Has anyone used any of these?  And where did you purchase them from.  I'm dying to try them, but don't want to spend the $$ if they just plain suck. :shock: 
Not that I really need to be making more soap anyway...It would take us 3 years to use all the soap I've made in the last couple of months.


----------



## jcandleattic (Feb 25, 2009)

Several suppliers carry Love Spell which is a vs dupe. It's still one of my favorite scents. Not sure what other scents you are looking for but I know there are several reputable companies out there that carry the VS type scents.


----------



## Tabitha (Feb 25, 2009)

You can find supplers that carry VS scents at fragrance finder: http://www.fragranceoilfinder.com/catal ... cPath=2_73

I use WSP for:
Amber Romance
Enchanted Apple
Secret Crush
Love Spell

Old Mill has a great Strawberries & Champagne.


----------



## Lil Outlaws (Mar 3, 2009)

Lonestar has Very Sexy, Love Spell, and a few others.. Pear Glace is common, Amber Romance, Strawberries & Champagne, Endless Love.. all easy to find.

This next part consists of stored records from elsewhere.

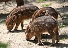 The mother constructs a nest from dead leaves and dry grass before giving birth to a litter of up to six piglets, with three to four being most common.[3] The piglets weigh 650 to 900 g (23 to 32 oz) at birth, and are initially dark brown with yellowish stripes and spots. They are weaned after about four months, and develop the plain reddish adult coat by about six months; the dark facial markings do not appear until they reach adulthood at about two years of age. They probably live for about fifteen years in the wild.[3]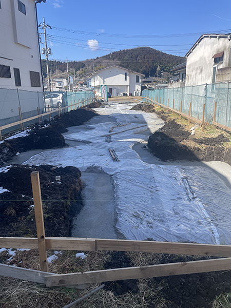 価格高騰の中、当初の予定より少しオーバーはしましたが建主さん、および建設会社さんのご協力もありなんとか無事着工することができました。ほっと一安心です、が休む間もなく工事着工です!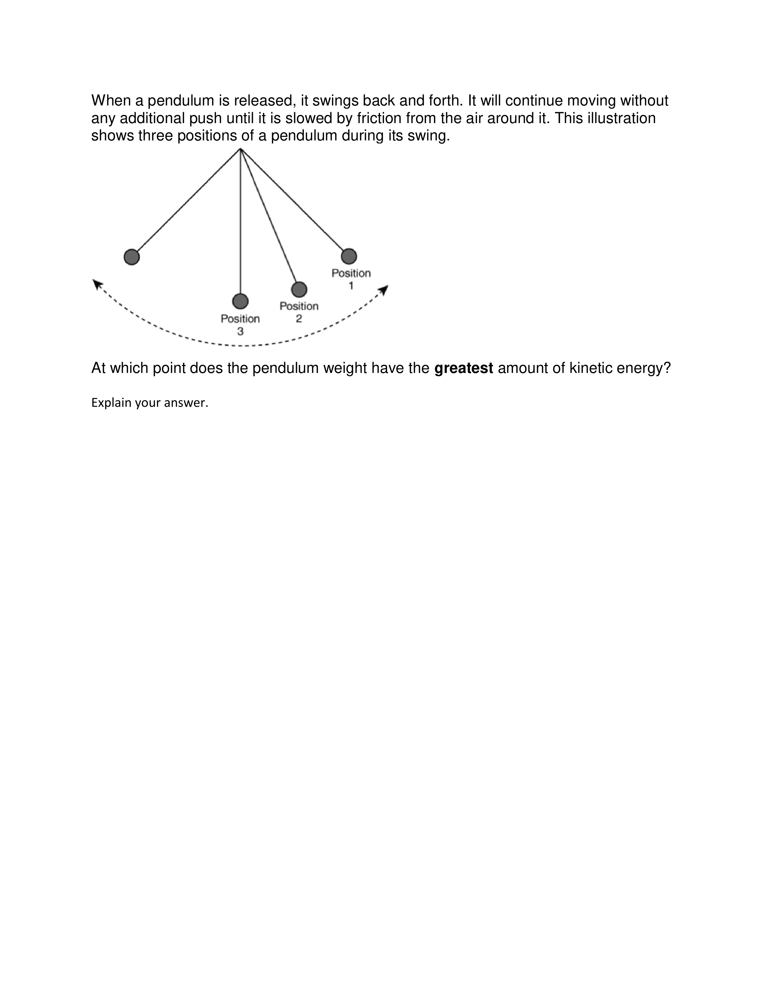 At which point does the pendulum weight have the greatest amount of kinetic energy?

Sometimes you can find Pink as well.

All of the ones I've tried are great dupes - and I buy from lots of places


----------



## angbaby4974 (Mar 3, 2009)

Thanks for all the replies.  Very Sexy & Very Sexy for him are the ones I was looking for.  Guess I should have posted that.  

I may be ordering some soon.  I'll post back on that when I get them!


----------



## Barb (Mar 6, 2009)

funny you should ask about this fragrance. i just finished beveling some of this soap. since i have no idea what it should really smell like. i can't help you there, but the one i used came from wsp. i cold processed it, and it smells pretty go.

luv spell from wsp or southern garden
secret crush, sweet temptation, whispering mist, pear glace  wsp


----------